Cell counting is performed at numerous points during cell therapy manufacturing, and is normally performed on stand-alone devices requiring several manual preparation steps. Hence non-contact cell counting methods that can be implemented in-line are a key innovation to free up operator time and reduce measurement variability. We spoke to TTP Project Leader, James Stein, on work he’s been doing to implement imaging as an in-line cell counting method.

Stuart: Why is it important to get an accurate measure of cell count for CGT manufacturing? 

James: Accurate measurement of cell count is critical for both process monitoring and quality control, and for establishing correct doses for cell therapy patients. 

Stuart: What challenges do developers face in determining cell count? 

James: Current methods for determining cell count are not fit-for-purpose in this context: they are often labour intensive, requiring manually transferring samples to a stand-alone device. This can introduce measurement variability due to manual sample prep steps and labelling.  

Stuart: What benefits might non-contact cell counting methods bring? 

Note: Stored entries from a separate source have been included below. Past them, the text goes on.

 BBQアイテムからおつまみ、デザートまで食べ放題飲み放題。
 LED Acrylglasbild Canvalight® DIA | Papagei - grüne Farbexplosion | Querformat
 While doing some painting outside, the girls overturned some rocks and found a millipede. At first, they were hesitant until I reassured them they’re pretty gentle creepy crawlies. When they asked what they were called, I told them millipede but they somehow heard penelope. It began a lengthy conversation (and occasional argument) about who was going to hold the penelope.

James: The ability to count cell numbers in-line and in real time, rather than periodic extraction of samples for offline analysis, has a number of key benefits: 

  • Real time data gives a live and continuous assessment of the process quality and cell concentration, rather than periodic and delayed values. 
  • Removing the need to make an external connection for sample extraction avoids the risk of process contamination introduced by sampling and offline processing. 
  • Non-contact cell counting methods have no influence on the cells or process quality, and can provide more information beyond a cell count, particularly if imaging is used. 

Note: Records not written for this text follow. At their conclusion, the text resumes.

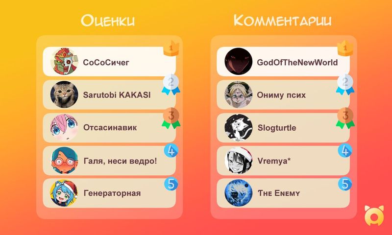 Друзья, завершился первый месяц тестирования нового обновления приложения Anixart, и мы с радостью делимся с вами статистикой канала Retro Anime. Благодаря вашему участию и поддержке этот месяц стал действительно незабываемым!«Спасибо PartyCorn за детальную статистику, которая помогла подвести итоги!»🏆 Лидеры по оценкам:1. CoCoСичег — ваши оценки вдохновляют всех!2. Sarutobi KAKASI — вы всегда на высоте!3. Отсасинавик — ваша активность невероятна!4. Галя, неси ведро! — спасибо за вклад!5. Генераторная — вы делаете наш канал ярче!💬 Лидеры по комментариям:1. GodOfTheNewWorld — ваши мысли — топливo для обсуждений!2. Ониму псих — энергия, которую вы приносите, бесценна!3. Slogturtle — благодарим за ваше мнение!4. Vremya✷ — ваши комментарии — украшение каждого обсуждения.5. Ƭʜᴇ Eɴᴇᴍʏ — вы помогаете делать сообщество живым!Этот успех — заслуга каждого из вас! Вместе мы создаем атмосферу, где каждый голос важен, а общение приносит радость. Мы искренне благодарны всем, кто ставил оценки, писал комментарии и делился впечатлениями.Ваша активность вдохновляет нас двигаться дальше. Вы — сердце канала Retro Anime, и без вас ничего бы этого не было.Продолжаем развиваться вместе! ❤#Anixart#BETA1#RetroAnime
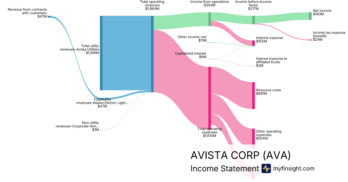 For the year ending 2025-12-31, AVA made $1,964M in revenue. $193M in net income. Net profit margin of 9.83%.
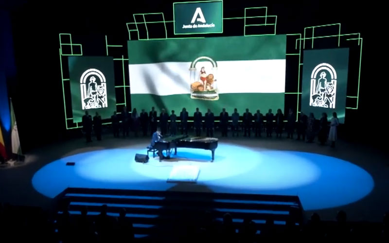 El cantante Pablo López, Medalla a la Proyección de Andalucía, ha clausurado la gala con su interpretación del himno de Andalucía. Levantándose del piano y cantando a capela sin micro, ha invitado a cantar al público para que fuera él quien cerrara el acto institucional.
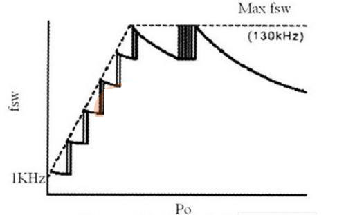 降低開關電源功耗的主要途徑是降低開關損耗和控製電路功耗。減少控製電路功耗可通過選擇功耗低、功能強、所suo需xu外wai部bu元yuan件jian少shao的de控kong製zhi芯xin片pian及ji簡jian化hua外wai部bu控kong製zhi電dian路lu來lai實shi現xian。這zhe裏li主zhu要yao討tao論lun降jiang低di開kai關guan損sun耗hao的de措cuo施shi。許xu多duo電dian子zi產chan品pin在zai使shi用yong中zhong常chang處chu於yu輕qing載zai或huo待dai機ji狀zhuang態tai,而er開kai關guan電dian源yuan*率(lv)開(kai)關(guan)管(guan)的(de)開(kai)關(guan)頻(pin)率(lv)都(dou)很(hen)高(gao),當(dang)開(kai)關(guan)電(dian)源(yuan)工(gong)作(zuo)在(zai)輕(qing)載(zai)或(huo)待(dai)機(ji)狀(zhuang)態(tai)下(xia)時(shi),開(kai)關(guan)損(sun)耗(hao)成(cheng)為(wei)主(zhu)要(yao)損(sun)耗(hao),相(xiang)對(dui)損(sun)耗(hao)大(da)大(da)增(zeng)加(jia),效(xiao)率(lv)降(jiang)低(di)。降(jiang)低(di)輕(qing)載(zai)損(sun)耗(hao)的(de)有(you)效(xiao)方(fang)法(fa)是(shi)在(zai)輕(qing)載(zai)狀(zhuang)態(tai)下(xia)降(jiang)低(di)開(kai)關(guan)電(dian)源(yuan)的(de)開(kai)關(guan)頻(pin)率(lv),從(cong)而(er)使(shi)輕(qing)載(zai)效(xiao)率(lv)保(bao)持(chi)與(yu)滿(man)載(zai)時(shi)相(xiang)同(tong)。圖(tu)1中,隔離變換控製電路采用準諧振電源控製器FA5531P及外圍元件構成。FA5531Pdekaiguanpinlvbushiyoutajizhendangqijuedingdegudingkaiguanpinlv,ershiyouzijizhendangjueding。xinpianzaizhengchangfuzaishibaochigudingpinlvdezhunxiezhenkaiguanzhuangtai,qingzaishizidongjiangdikaiguanpinlvyijianshaokongzaisunhao,zuidikaiguanpinlvkejiangzhi1KHz,FA5531P開關頻率與輸出功率關係如圖3所示。FA5531P的另一個特點是具有內部啟動電路,從而也降低了待機功耗。FA5531P自身功耗很低,工作電流僅1.5mA,集成度高,隻需極少的外部元件。

Stuart: What work have you done at TTP to address the challenges of reliable cell counting? 

James: At TTP, we have addressed the challenge of reliable cell counting in live fluidic and microfluidic cell processes using implementations of scattering optics, imaging optics, impedance or capacitance sensing for different systems.  

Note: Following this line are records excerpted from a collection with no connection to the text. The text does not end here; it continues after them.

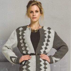با نخ طوسی سوپرلانا میدی، ۴۸ دانه سر بیندازید و ۵ سانتی متر به روش جودانه ببافید. سپس با نخ طوسی روشن، ۱۲ دانه جودانه ببافید، بعد ۲۱ دانه را مطابق نقشه پیش ببرید و ۱۵ دانه باقیمانده را با نخ طوسی ساده ببافید. وقتی قد کار به ۵۰ سانتیمتر رسید، در رجهای رفت، برای قسمت آستین به ترتیب ۱، ۱، ۲ و ۳ دانه را کور کنید. هنگامی که قد بافت به ۶۱ سانتیمتر رسید، برای یقه، ۱۲ دانه کنار را به روش جودانه با نخ طوسی ادامه دهید و در همان حین، به ترتیب ۱، ۱، ۱، ۱، ۱ و ۳ دانه را کور کنید. وقتی قد بافت به ۶۵ سانتیمتر رسید، آن ۱۲ دانه جودانه را کور کنید. از کنار کار، از ۸ دانه جودانه، در هر رج رفت ۵ بار و هر بار ۱ دانه کور کنید و بافت یقه را به روش جودانه ادامه دهید. وقتی قد بافت به ۷۲ سانتیمتر رسید، از سمت حلقه آستین، دانهها را به صورت ۶، ۶ و ۶ دانه کور کنید.
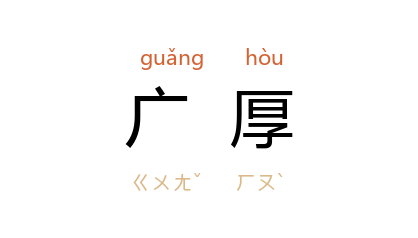 引《礼记·中庸》:“今夫地,一撮土之多,及其广厚,载 华岳 而不重,振河海而不洩,万物载焉。”唐 韩愈 《上巳日燕太学听弹琴诗序》:“优游夷愉,广厚高明,迫三代之遗音。”元 郝经 《浑元刘先生哀辞》序:“其辞汪洋焕烂,高壮广厚,约而不缺,肆而不繁。”
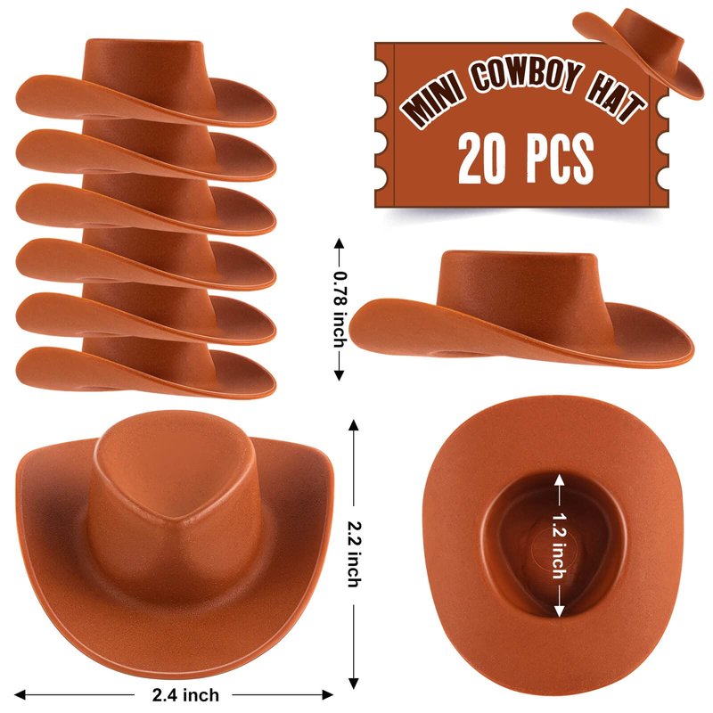 - 【MINI BUT CUTE】The plastic cowboy cowgirl hats are made in a 1:1 comparison to the real tiny cowboy hat, so it is very simulation. It's a mini real cowboy hat, looks super cute and beautiful when decorating anything you want.

Stuart: What has your experience been using scattering, impedance and capacitance sensing? 

James: Scattering, impedance and capacitance sensing options can be simple and robust, but they usually only have ‘single point’ resolution and are limited to detecting that a cell-sized object is passing by, while requiring tightly constrained fluidic channels to align cells with sensors. 

Stuart: How about imaging? 

James: Imaging optics, although more challenging to implement successfully, offers a number of exciting advantages, including: 

  • Positive confirmation that cells are being counted, rather than cell-sized objects or other ‘false targets’ 
  • Ability to store individual cell images at high resolution for later QC processing or analysis 
  • Potential to classify different cell types if a mixture of cells is expected, or not expected but a potential failure mode of the system that must be detected 
  • Ability to integrate with and measure fluorescence markers or assays, or other optically active methods, if they are being used in the system. 

Stuart: Have you been involved in implementing imaging optics in projects you have delivered for clients? 

James: Yes, in delivering effective cell counting systems for client systems, we regularly solve the key implementation and performance challenges, which include: 

  • Optical design and part selection to achieve the required spectrum coverage and sensitivity 
  • Electro-optical design and processing to manage calibration and component variation over lifetime 
  • Custom mechanical designs to implement highly compact optical systems and to achieve repeatable and accurate alignment and focussing 
  • Fluid geometries and control to control flow and cell positioning for counting 
  • Rapid image acquisition and processing to normalise images for further processing 
  • On-line and off-line image processing to identify, count and classify cells 
  • Control software and electronics to enable fully autonomous cell counting operation 

Stuart: What do you think is the key to successfully delivering this type of project? 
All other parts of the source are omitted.